The reason for this blog is to help get specific dogs adopted from TAS but equally important is to try to normalize the idea of shelter dogs being just as good and just as desirable as any other dogs including those which are regularly merchandised by backyard breeders, puppy millers and those few remaining pet store owners who still feel a need to sell live animals. The single greatest stigma shelter animals still face is the belief that shelter animals are substandard animals. Anyone who has had enough experience with shelter animals knows this is untrue but the general public hasn't had the same experiences you've had. They see a nice dog photo in a glossy magazine and too many of them would never think of associating that dog with a dog from a shelter. After all, no one abandons perfectly good dogs, right? Unfortunately, as we all know, perfectly good dogs are abandoned all the time.

The public still too often associates shelter dogs with images of beat up, sick, dirty, severely traumatized animals and while we definitely sometimes see victims such as these, they are certainly not the majority and, regardless, even the most abused animals can very often be saved and made whole again.

Pound Dogs sometimes discusses the sad histories some of the dogs have suffered. For the most part, though, it tries to present the dogs not as victims but as great potential family members. The goal is to raise the profiles of animals in adoption centers so that a potential pet owner sees them as the best choice, not just as the charity choice.
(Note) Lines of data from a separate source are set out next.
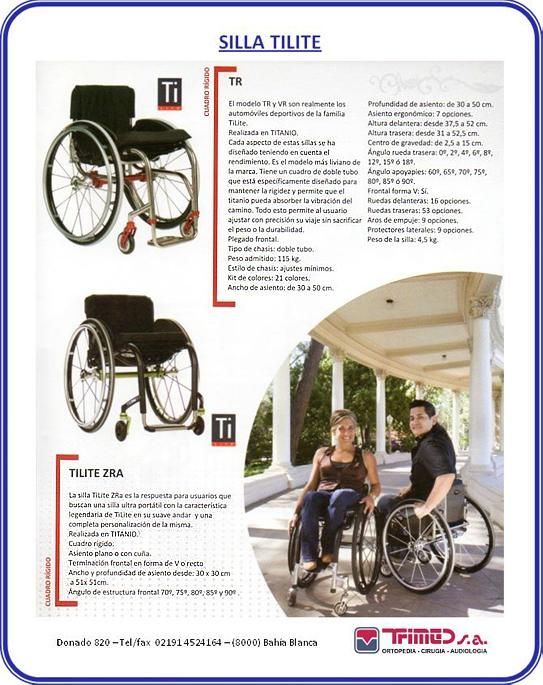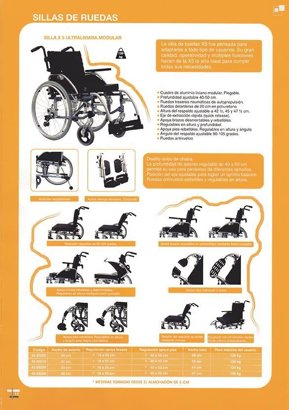 - Sillas de ruedas estándar y especiales a medida.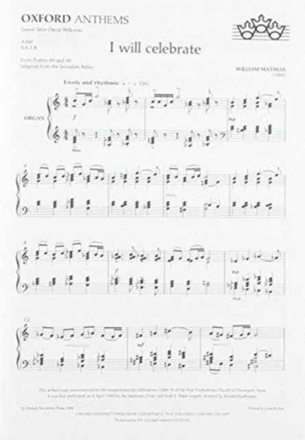 for SATB and organA festive anthem with a lively organ part, this piece is not difficult, and an exhilarating work to perform. It is particularly appropriate for services of praise and thanksgiving.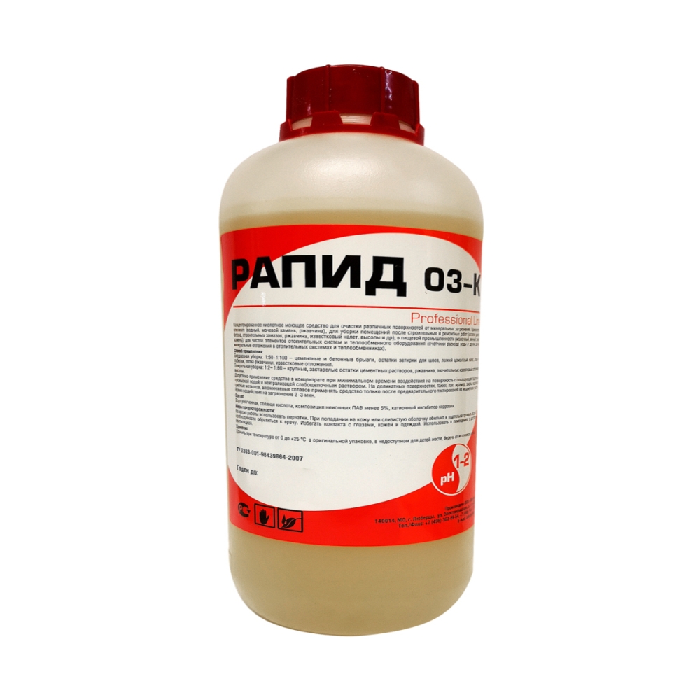 Концентрированное кислотное моющее средство для очистки различных поверхностей от минеральных загрязнений. Применяется в клининге, при послестроительной уборке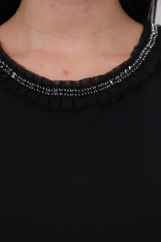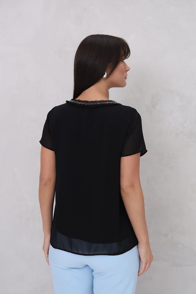 Блуза имеет свободный крой, который обеспечивает комфорт в носке. Короткие рукава выполнены из полупрозрачной ткани, что добавляет модели лёгкости и воздушности. Особое внимание привлекает декоративная отделка горловины – изящная вышивка, выполненная в тон изделия.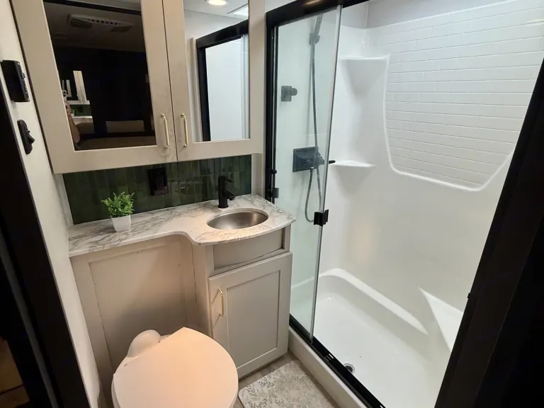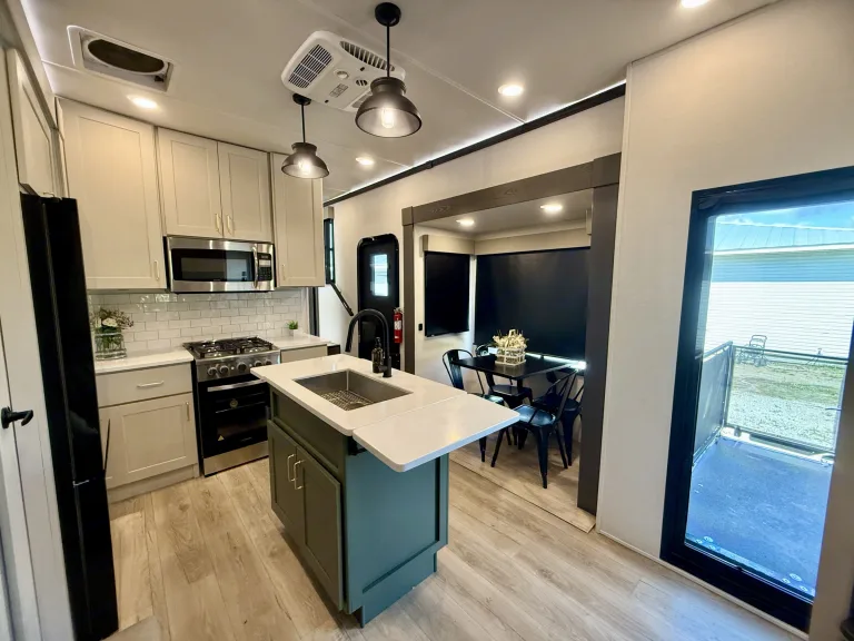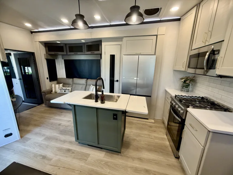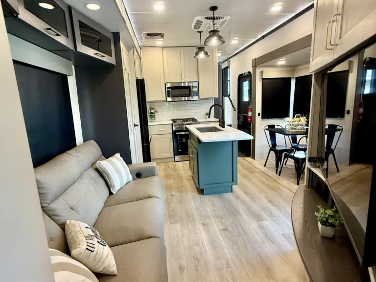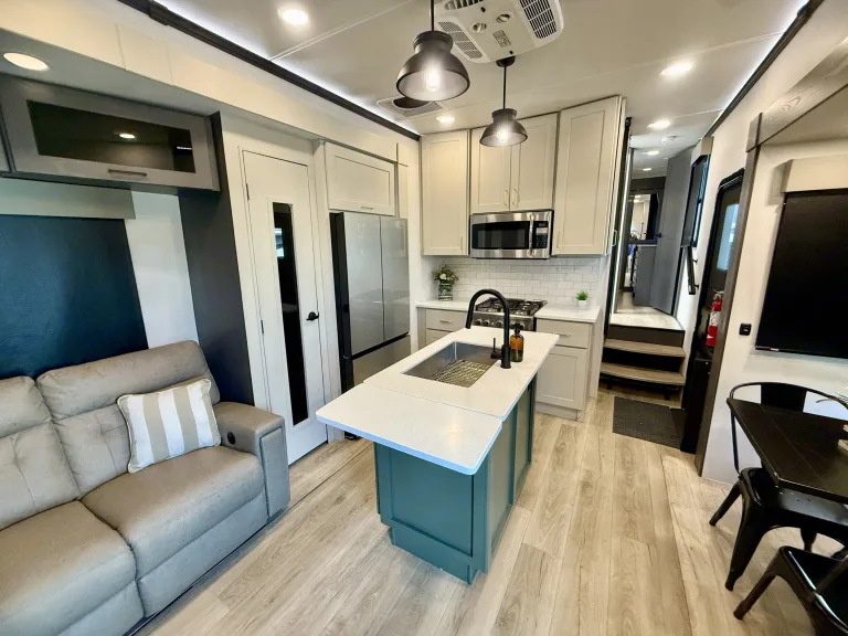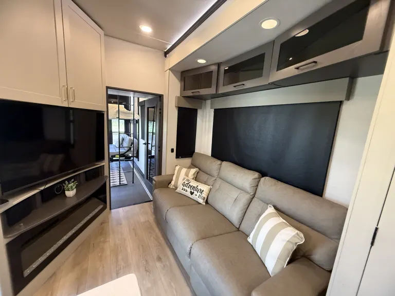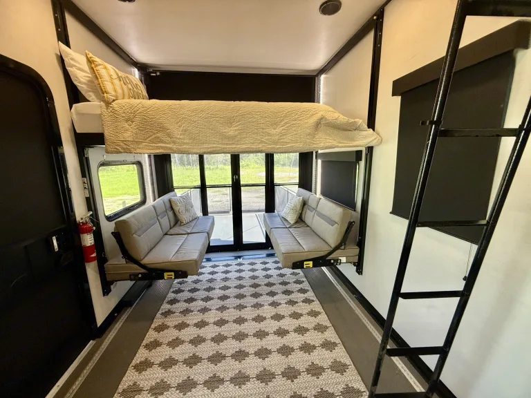 • Includes HappiJac rollover sofas, a queen bed above, and a half bath, offering added comfort or sleeping space.2. Comfortable Living Quarters

So, here's the favour I'm asking. Whenever you see a dog picture on these pages you think is decent enough, I'd like you to consider sharing it on Facebook or any other social media sites you're using (I know many of you do this already and thank you for that). And when you share it, please mention that the dog in the photo is a shelter dog like so many other shelter dogs waiting for a home. If we can get even five percent of the pet buying public to see shelter dogs differently, to see how beautiful they are and how wonderful they are, and to consider shelter dogs as their first choice for a new family member, we can end the suffering of homeless pets in this country.